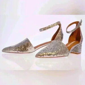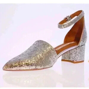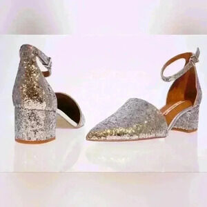 NEW NIB & Other Stories Women's Silver Glitter Block Heel Dress Sandal $125
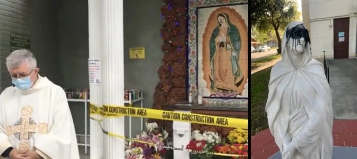 Šis vandalizmo aktas tęsia pastaruoju metu Kalifornijos katalikų parapijose įvykusių panašių incidentų seriją.
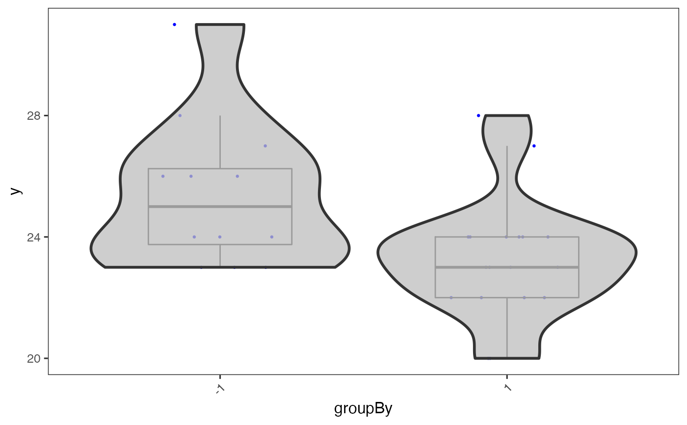 | boxplot | Boolean. If TRUE, will plot boxplots for each violin plot. Default TRUE. |
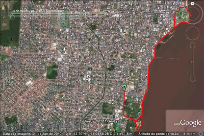 O Garmin registrou 11,37 km de distância percorrida, num tempo total de 1h12min, frequência cardíaca média de 151 batimentos por minuto e 865 calorias perdidas. O percurso está registrado na imagem de satélite abaixo, obtida a partir do GPS do Garmin.
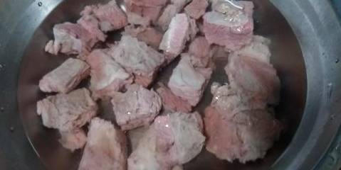 第二步,锅里煮水,与冷水一起将牛肉块放入锅里,同时放入姜片,焯水,用温水清洗血沫。
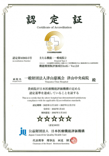 当院は、公益財団法人日本医療機能評価機構が定める認定基準を達成している事が認められ、2023年1月4日付けで、5回目の病院機能評価認定病院の認定証を受領致しました。
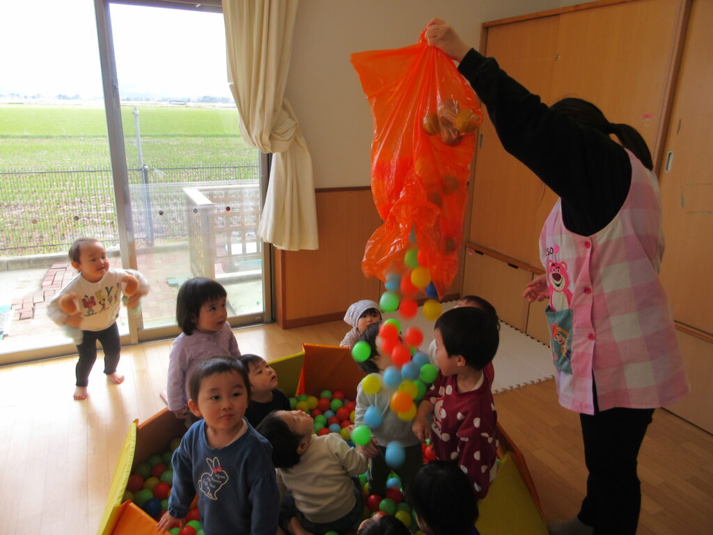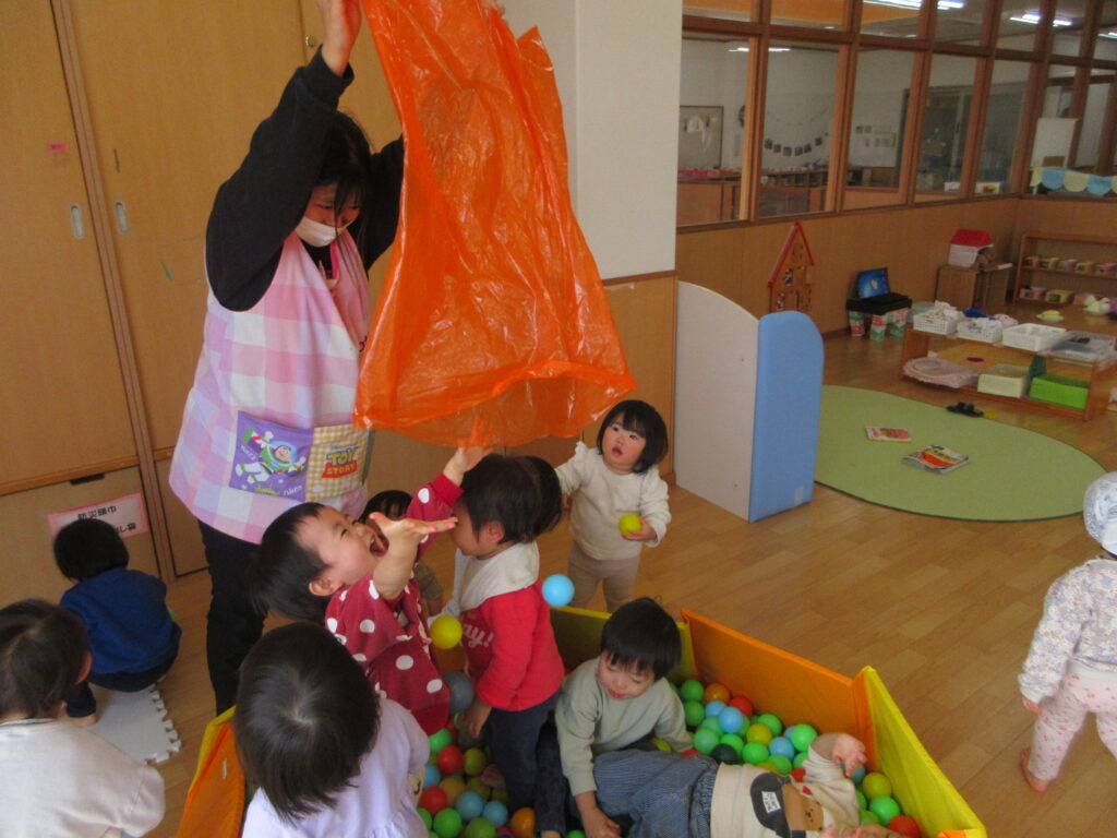 子どもたちの声からヒントを得て、ボールを雨に見立てて遊んでみました。
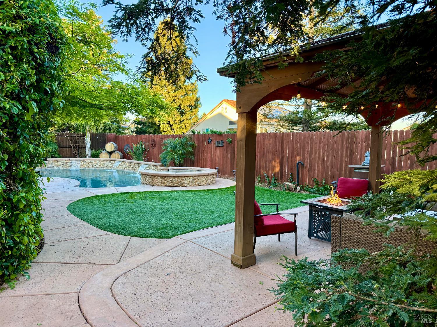 This is the one! Located in the desirable Browns Valley neighborhood this beautiful 5bed/3 full bath home offers a spacious open-concept design with stylish laminate flooring and an impressive chef's kitchen featuring an oversized island, double ovens, gas cooktop, and abundant cabinetry perfect for both everyday living and entertaining. The main level includes two bedrooms, a remodeled full bathroom, indoor laundry room, two separate living spaces and a formal dining area that provides flexibility and elegance. Upstairs you'll find three additional bedrooms, including a luxurious primary suite with a spa-inspired bathroom featuring an oversized custom-tiled shower with body sprayers, handheld wand and huge rain shower head. His and hers closets, a deco wall, & generous storage complete the space. The two additional bedrooms upstairs share a well-designed Jack-and-Jill bathroom. Step outside and you'll discover your own private backyard oasis. The custom heated gunite salt water pool and spa with PebbleTec finish. Pool has a Cabo shelf w umbrella holder, waterfall features built in 2018 with wireless controls right from your phone from anywhere in the world. The pergola adds year round outdoor living space with string lights, a fan, and electricity for any of your wants and needs. Mature landscaping surrounds the yard, highlighted by a stunning Japanese maple that offers a canopy of natural shade, while artificial turf keeps the space beautifully green with minimal upkeep. A spacious pergola adorned with string lighting and an outdoor TV sets the stage for unforgettable evenings and effortless entertaining. This exceptional property is further enhanced with PPA solar for energy efficiency and low utility costs, a three-car garage, possible RV parking, and additional outdoor storage sheds. Other upgrades include permanently installed enbrighten outdoor lighting that can change for all the seasons, custom blind/shades on slider and family room windows, new carpet. Perfectly located across from the picturesque, family-friendly Ridgeview Park, this is the kind of home that truly has it all and instantly feels like the one you've been waiting for.
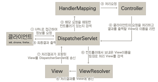 - DispatcherServlet이 클라이언트의 요청을 가로챈다.
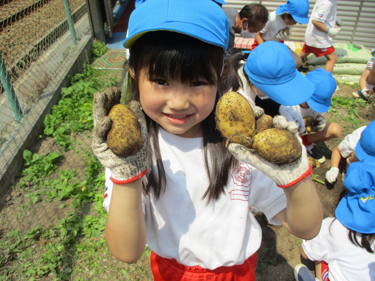 幼稚園の畑に育てていたジャガイモが収穫時期となり、年長組の子どもたちが頑張って掘……
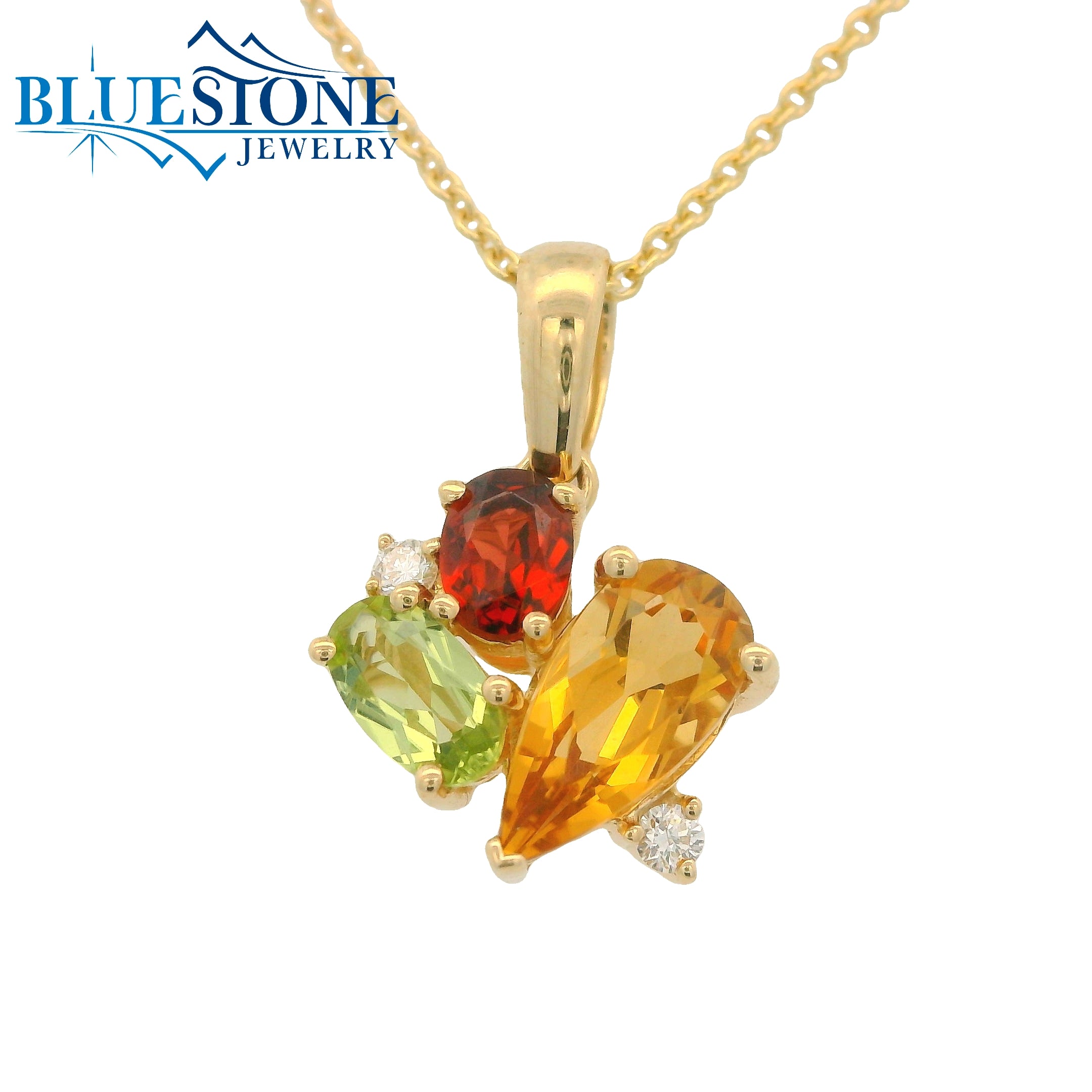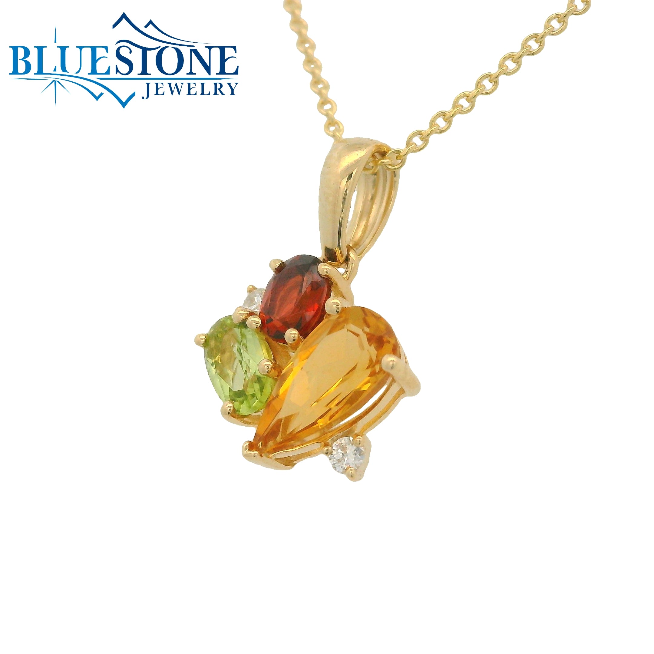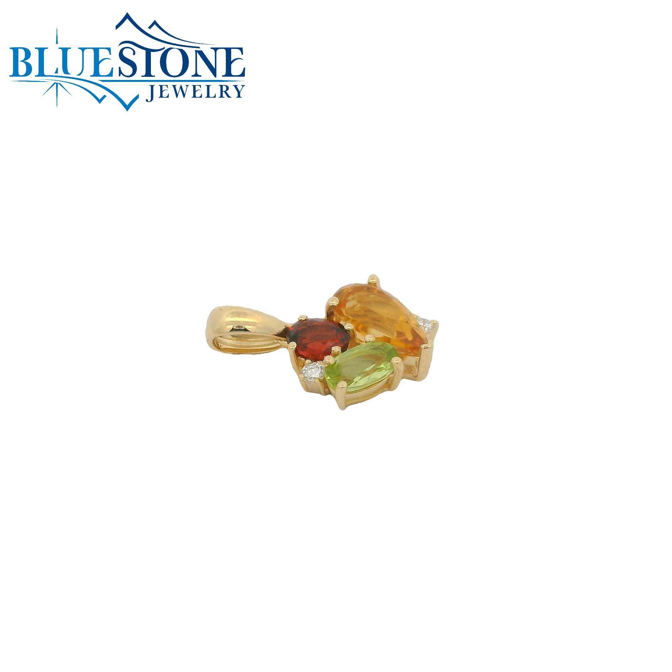 14KYG Cluster Pendant w/ Garnet, Peridot, Citrine & Diamonds

* * * * * * *

### Work task
Pictures are to be omitted from the copy. Reproduce exactly, and only, the lines from the one containing "幼稚園の畑に育てていたジャガ" to the end of the listing above.

### Response area
 幼稚園の畑に育てていたジャガイモが収穫時期となり、年長組の子どもたちが頑張って掘……
 14KYG Cluster Pendant w/ Garnet, Peridot, Citrine & Diamonds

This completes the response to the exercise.